A Guimarães, en marge d'une répétition de la pièce «Catarina et la beauté de tuer les fascistes», Tiago Rodrigues a souligné que, plus qu'un soutien, il s'agit «d'un service public inscrit dans la Constitution et dans lequel il n'y a pas d'investissement public».

«Nous n'avions pas besoin que la pandémie soit évidente qu'au Portugal, il est nécessaire de soutenir plus de culture. Ou plutôt, qu'il faut enfin soutenir quoi que ce soit, en culture. La pandémie vient de lever le voile, de révéler quelques problèmes », a-t-il déclaré.

Pour Tiago Rodrigues, les chiffres de soutien à la culture au Portugal, par rapport à n'importe quel autre pays européen, «sont de l'ordre du ridicule».

«Il ne s'agit pas de soutien, il s'agit de garantir un service public inscrit dans la Constitution et dans lequel il n'y a pas d'investissement public. Ce serait comme pratiquement aucun hôpital ou pratiquement aucune école. C'est scandaleux et ridicule », a-t-il souligné.

Tiago Rodrigues, Prémio Pessoa 2019, a déclaré que la façon dont le public revient au théâtre et comment, même enfermé, «a montré une avidité» pour être dans les salles en contact avec les artistes, «est une alerte pour vous décideurs politiques. que les électeurs considèrent la culture comme fondamentale pour leur qualité de vie et leur santé démocratique ».

«Mais nous sommes dans la préhistoire de cela.
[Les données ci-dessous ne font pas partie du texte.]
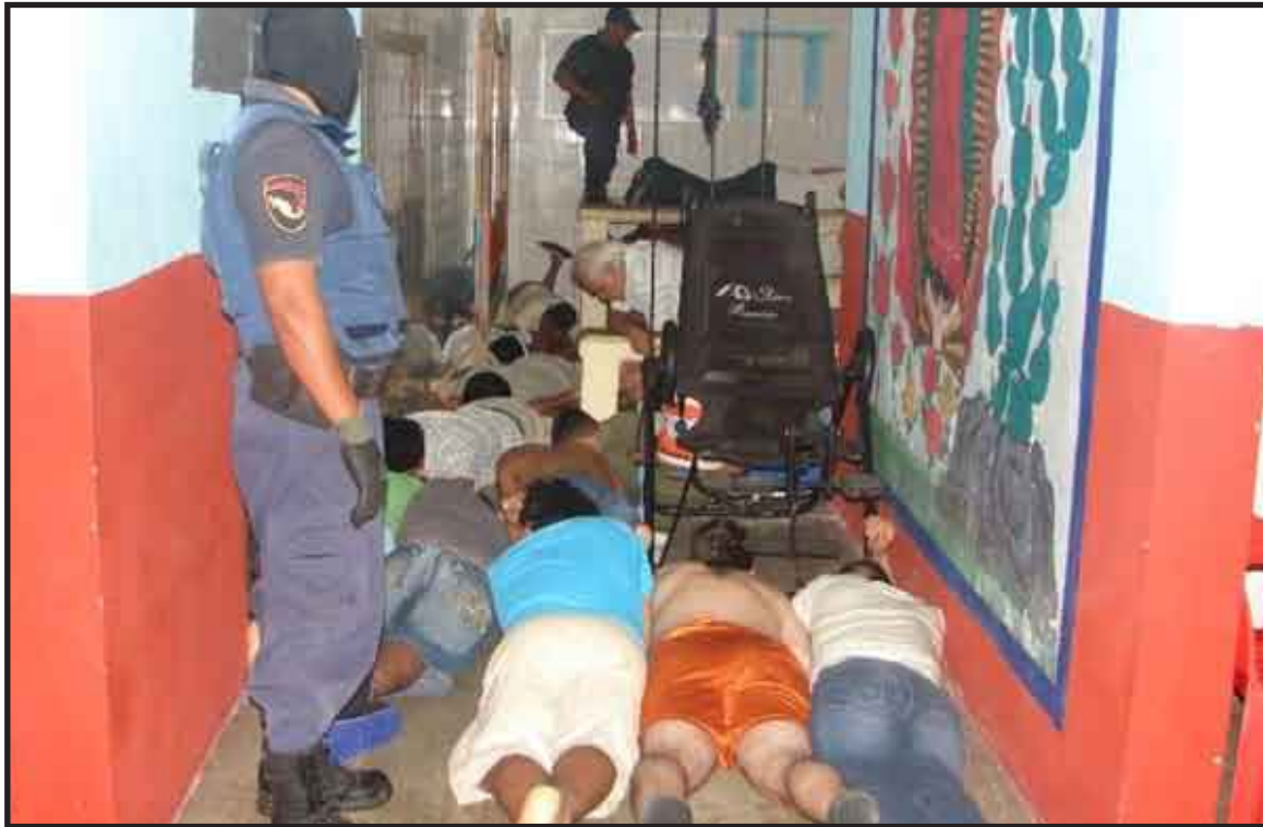
La revisión en horas de la madrugada fue celda por celda, con la intervención de elementos de la Dirección General de Seguridad Pública de Solidaridad, de la PGR y del Ministerio Público Federal.

Durante el operativo se revisó a cada uno de los presos, así como cel-
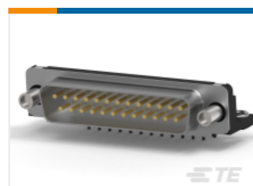
TE 系列/零件编号 5747238-6 25 MSFL PLUG RA 318 (SL, FM)
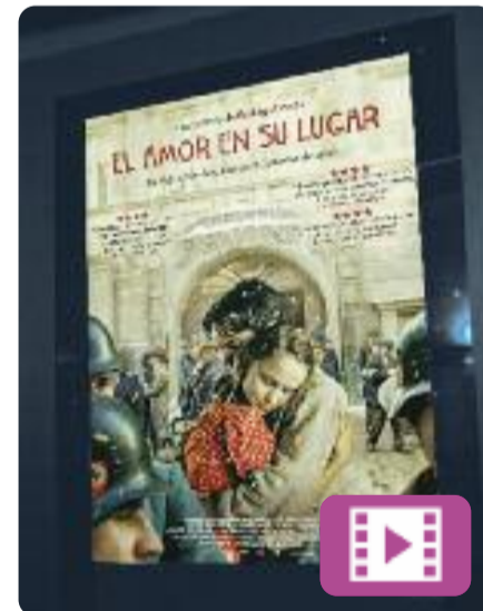
El amor en su lugar Rodrigo Cortés

Gener de 1942. Fa més d'un any que 40.000 jueus de tota Polònia viuen en un gueto. Entre ells, un grup d'actors jueus que una nit interpreta una comèdia musical al teatre Fémina. Els espectadors riuen i s'emocionen, i aconsegueixen oblidar per un moment la seva situació. Mentrestant, els actors s'enfronten a un dilema: podrien fugar-se en acabar la funció?
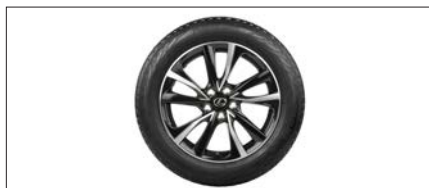
KOMPLETNE KOŁA ZIMOWE LEXUS Z CZUJNIKAMI CIŚNIENIA 18" BKOLONX18CB 8 400 PLN BRUTTO
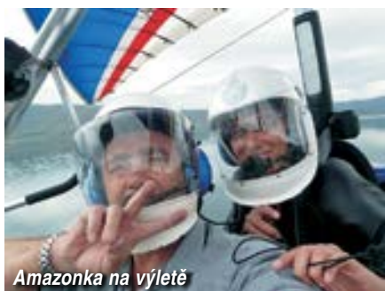
Amazonka na výletě
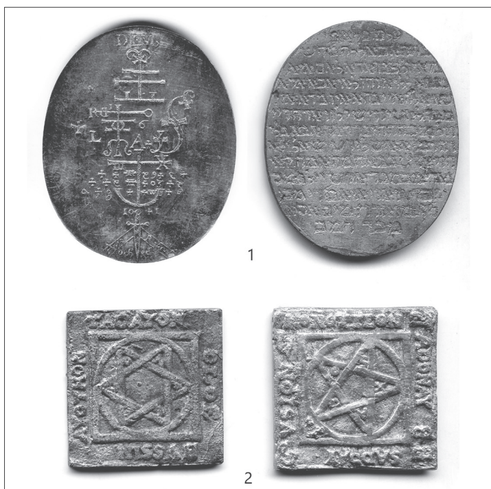
Рис. 5. 1 — амулеты с имитацией текста на арамейском языке. ФКОИХМ, КГОМ1–17643/5,6; 2 — амулеты с изображением пентаграммы и гексаграммы. ФКОИХМ, КГОМ1–17643/9,10

Предпринимались неоднократные попытки перевести этот текст. Во время написания этой статьи были получены консультации у двух специалистов: Александр Рыбалка (Израиль) — переводчик с иврита, исследователь мистических традиций и тайных об-
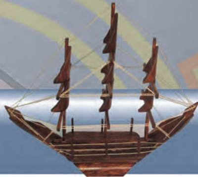
Barco Materiales: Guadua y fibras naturales
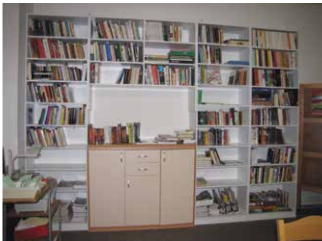
Marinkina knjižnica leta 2010

Da bi našim bralkam in bralcem olajšali dostop do najbolj iskanih knjig, smo se odločili, da bomo posegli v police s strokovno literaturo. Del strokovnih knjig smo popisali in shranili v škatle na omare ter v skladišče. Te knjige so v sistemu COBISS označene kot založene. Tako smo pridobili prostor za biografije in zgodovinske knjige, temi, ki sta med strokovno literaturo najbolj brani. Dodaten prostor nam omogoča tudi boljši pregled nad poezijo in domačo literaturo.

Cela pourrait être une alerte à terme en Allemagne et en France, pour que les choses s'améliorent un peu et accordent un peu plus d'attention. Au Portugal, c'est une alerte de porter enfin une certaine attention à un secteur qui a été très, très négligé », a-t-il ajouté.

Pour Tiago Rodrigues, la «visibilité» que le secteur culturel a dans les médias «finit par masquer» ce qu'est la précarité du secteur.
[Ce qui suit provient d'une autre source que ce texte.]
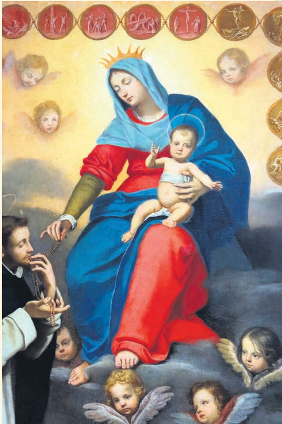
Ilustración: Nuestra Señora del Rosario, otorgando este don a santo Domingo de Guzmán. Obra de Lorenzo Lippi (1658).

“Rezar mi Rosario es mi más dulce ocupación y una verdadera alegría, porque sé que mientras lo rezo estoy hablando con la más amable y generosa de las madres.” San Francisco de Sales
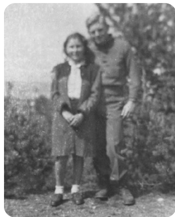
Američtí vojáci a maminka.
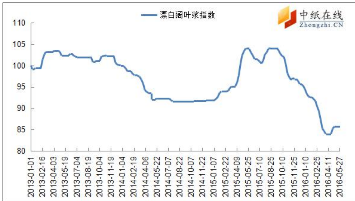
图 8：漂阔浆中纸指数走势图
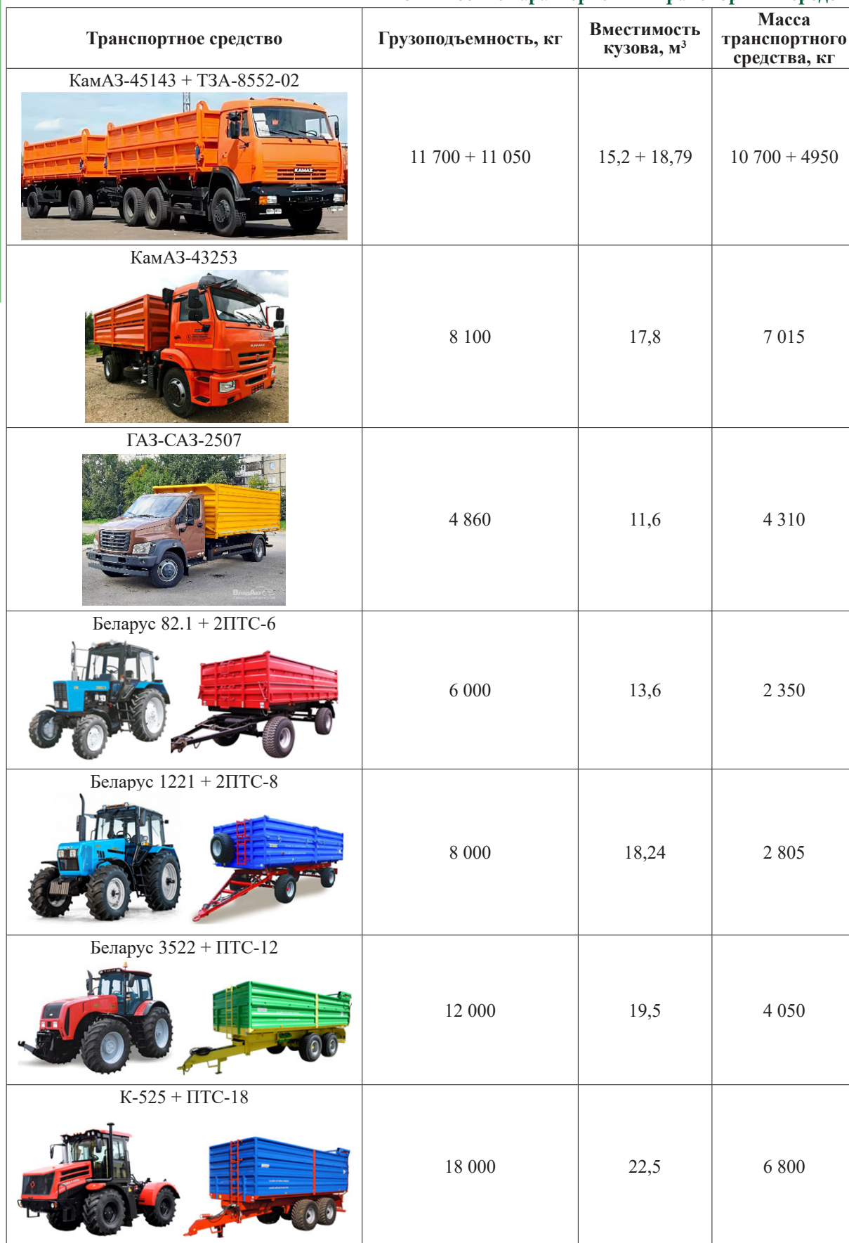
Таблица 2 Технические характеристики транспортных средств
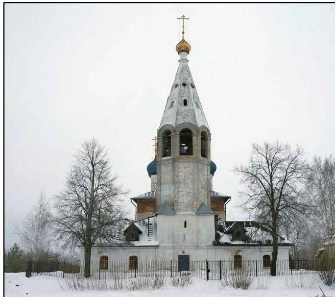
Объект культурного наследия
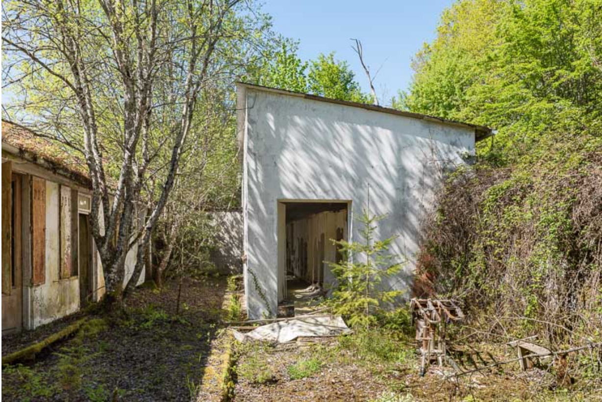
Bâtiment des bains, vue extérieure.

21, R.D.17 Magnien rue de la Source, lieudit : écart de Maizières
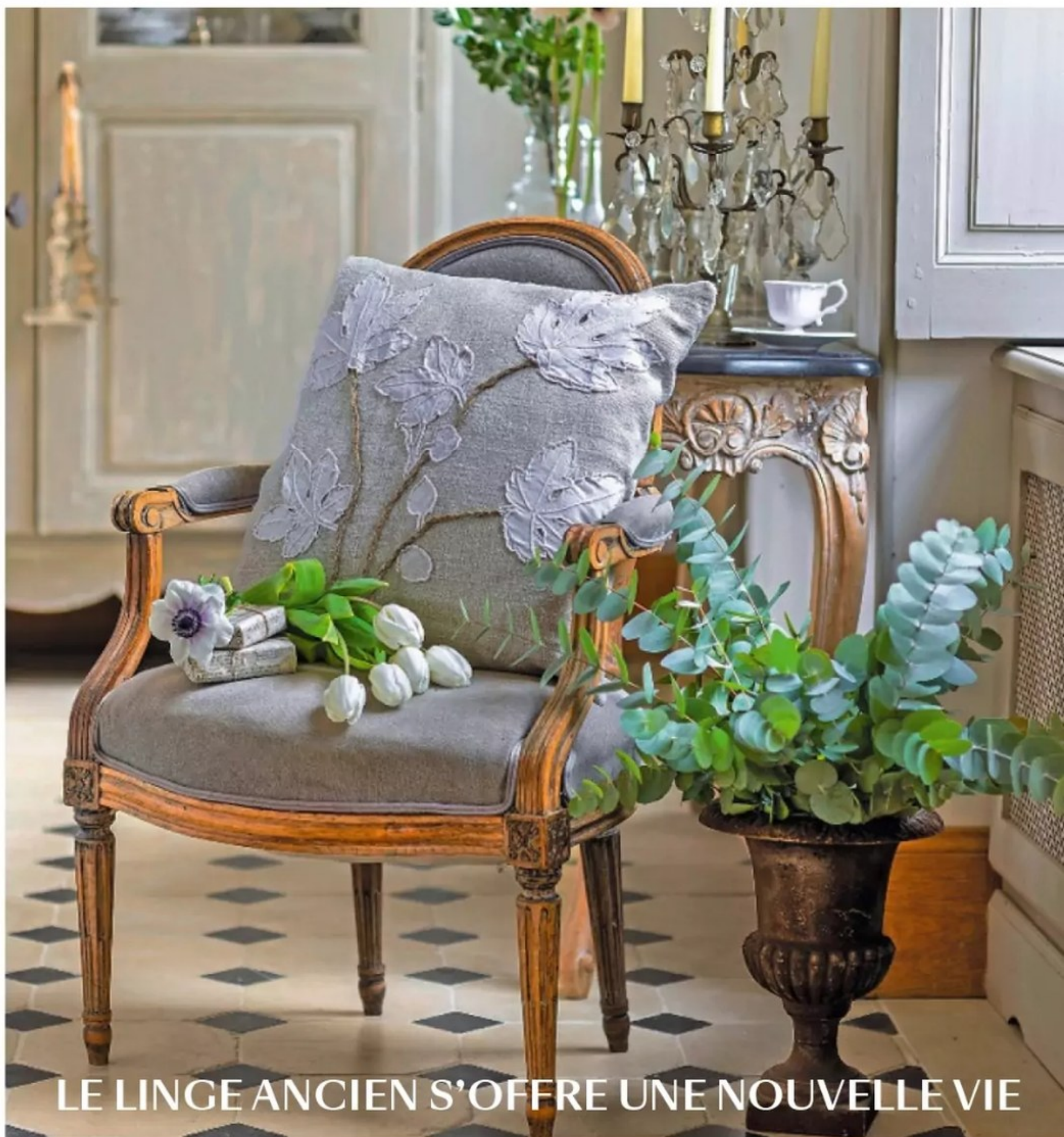
LE LINGE ANCIEN S'OFFRE UNE NOUVELLE VIE

"Nous avons une grande visibilité publique, mais cela ne s'est pas encore traduit par un changement fondamental dans la manière dont l'État défend le droit constitutionnel d'accès à la culture et à la production artistique".

La pièce de théâtre «Catarina et la beauté de tuer des fascistes» s'ouvre samedi au Centro Cultural Vila Flor, à Guimarães.

Dimanche, la pièce retourne sur scène au même endroit.

Les deux sessions sont déjà épuisées.

Il enchaîne ensuite sur des scènes en Suisse, en France et en Italie, en tournée, après quoi il retourne au Portugal, notamment à Porto, en février.

Ce n'est qu'en avril 2021 qu'il sera présenté à Lisbonne.

VCP // MAG

Le directeur de contenu du Théâtre D. Maria II considère que le soutien à la culture au Portugal est «ridicule» apparaît d'abord à Visão.